Work request: Look in the data below for the line that has "High Street, Otford TN14 5PH", then print exactly every line from there through the line that has "Alfred Edward Chalon.", leaving pictures out.

Provided data:
------

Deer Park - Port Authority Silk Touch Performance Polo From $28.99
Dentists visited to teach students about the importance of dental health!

------

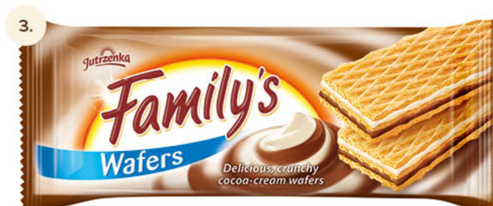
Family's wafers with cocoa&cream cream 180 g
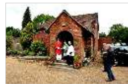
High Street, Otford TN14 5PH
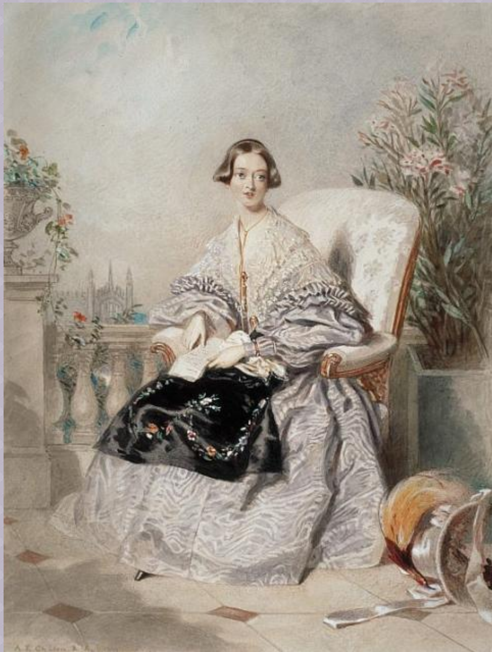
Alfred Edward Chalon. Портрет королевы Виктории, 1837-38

------

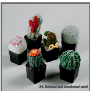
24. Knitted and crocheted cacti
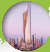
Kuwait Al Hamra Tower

------

Response:
High Street, Otford TN14 5PH
Alfred Edward Chalon. Портрет королевы Виктории, 1837-38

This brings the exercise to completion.